Example of Input Data - Githubissues

codertimo / BERT-pytorch

Google AI 2018 BERT pytorch implementation

Apache License 2.0

6.11k stars 1.29k forks source link

Example of Input Data #28

Closed nateraw closed 5 years ago

nateraw commented 5 years ago

Could you give a concrete example of the input data? You gave an example of the corpus data, but not the dataset.small file found in this line:

bert -c data/dataset.small -v data/vocab.small -o output/bert.model

If you could show perhaps a couple of examples, that would be very helpful! I am new to pytorch, so the dataloader function is a little confusing.

codertimo commented 5 years ago

@nateraw Sorry about my mistake. The README file is just updated to

bert -c data/corpus.small -v data/vocab.small -o output/bert.model

which is same corpus with bert-vocab

and the corpus example is on README 0.prepare your own corpus.

thanx

nateraw commented 5 years ago

Why might this be happening then? I ran these lines...

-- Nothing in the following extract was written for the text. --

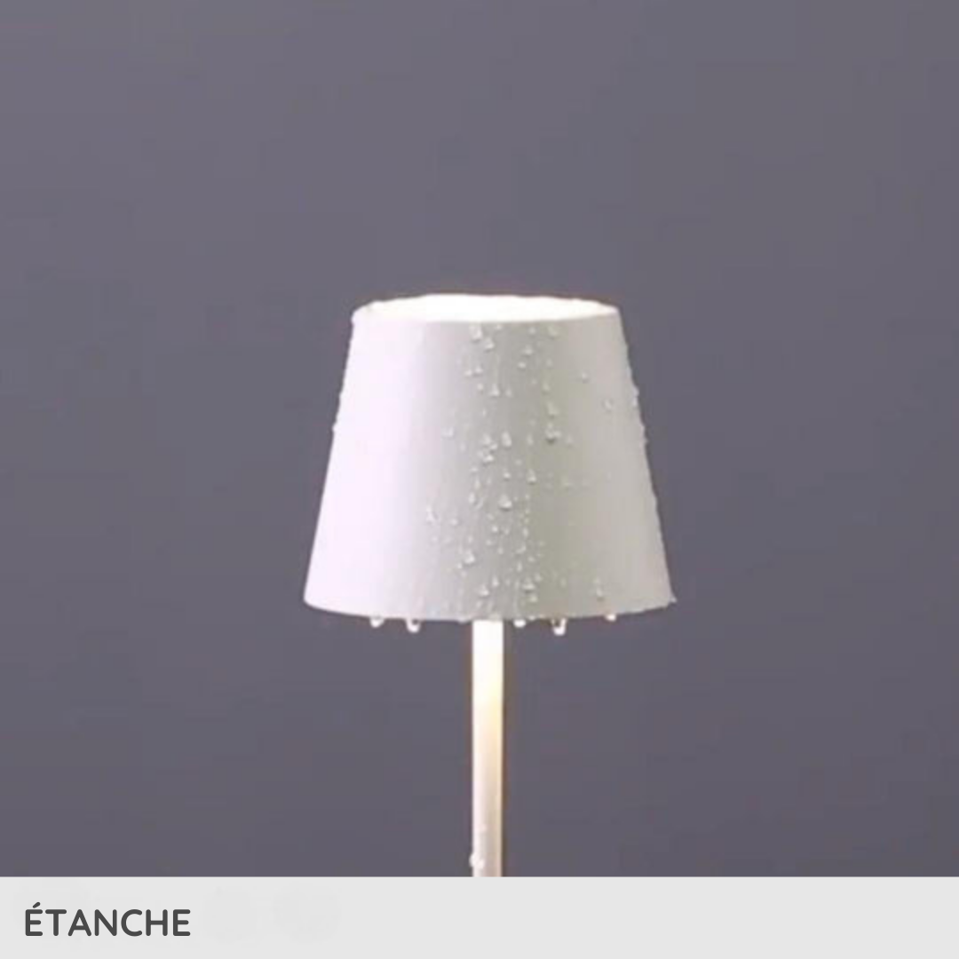 Oui, grâce à son indice de protection IP54, la lampe est résistante à la poussière et aux éclaboussures. Elle convient parfaitement pour une utilisation en terrasse ou sur un balcon.
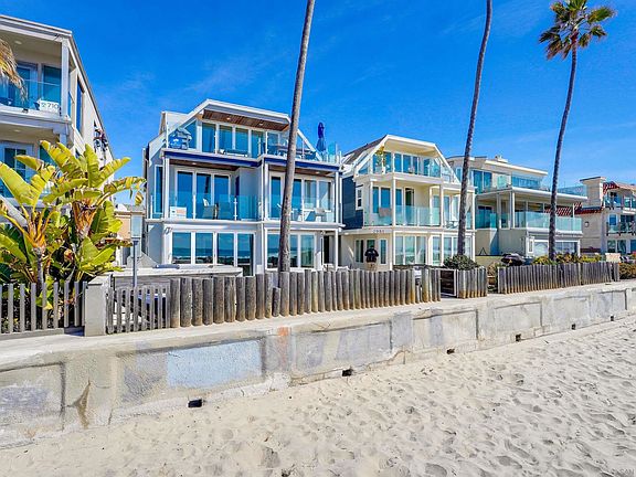 Discover the ultimate oceanfront lifestyle with this luxurious and modern penthouse in South Mission Beach! Wake up to the sounds of the ocean and direct sunsets from this stunning waterfront property. The open floor plan boasts an expansive great room that serves as an ideal space for cooking, dining, and relaxation with La Cantina doors that offer seamless views of the ocean that you can enjoy year-round. The townhouse to penthouse concept features 2 bedrooms and 2 baths above the ground floor unit with the kitchen, great room, and additional bedroom suite and bath on the top floor. Experience modern living at its finest with high-end amenities, including Silestone counters, tankless water heater, Decor appliances, central A/C, electric fireplace, and a 2-car side-by-side garage with a 240v outlet. The contemporary design and stylish accents blend effortlessly with the relaxing comforts, creating a perfect balance of comfort and sophistication. Enjoy living in a quiet neighborhood that's within walking distance of everything Mission Beach has to offer. The home is outfitted with top-of-the-line features, including custom closets by California Closets, blackout shades in the bedrooms, and automatic shades on west-facing windows. This home comes fully furnished and is move-in ready, so you can start enjoying the beach lifestyle just in time for summer!

bert-vocab -c data/dummy_data.small -o data/vocab.small

bert -c data/dummy_data.small -v data/vocab.small -o output/bert.model

nateraw commented 5 years ago

Dummy data looks like this:

codertimo commented 5 years ago

@nateraw Can you update the bert-pytorch version to 0.0.1a4?

pip install -U bert-pytorch

nateraw commented 5 years ago

Interestingly, a different error:

codertimo commented 5 years ago

@nateraw I got what was wrong with both your example corpus and mine. We should not make a blank line in end of the line! If you check the line 18 at your corpus, \n is declared on last line, which means that python recognize there is one more extra line. Please remove the \n of end of character at the end of line. that would be help to fix it

nateraw commented 5 years ago

Wow so dumb! My fault, I will report back if that change works or not.

nateraw commented 5 years ago

Issue was with the tabs as well. Replaced with literal tabs, and it worked. Closing the issue, thank you!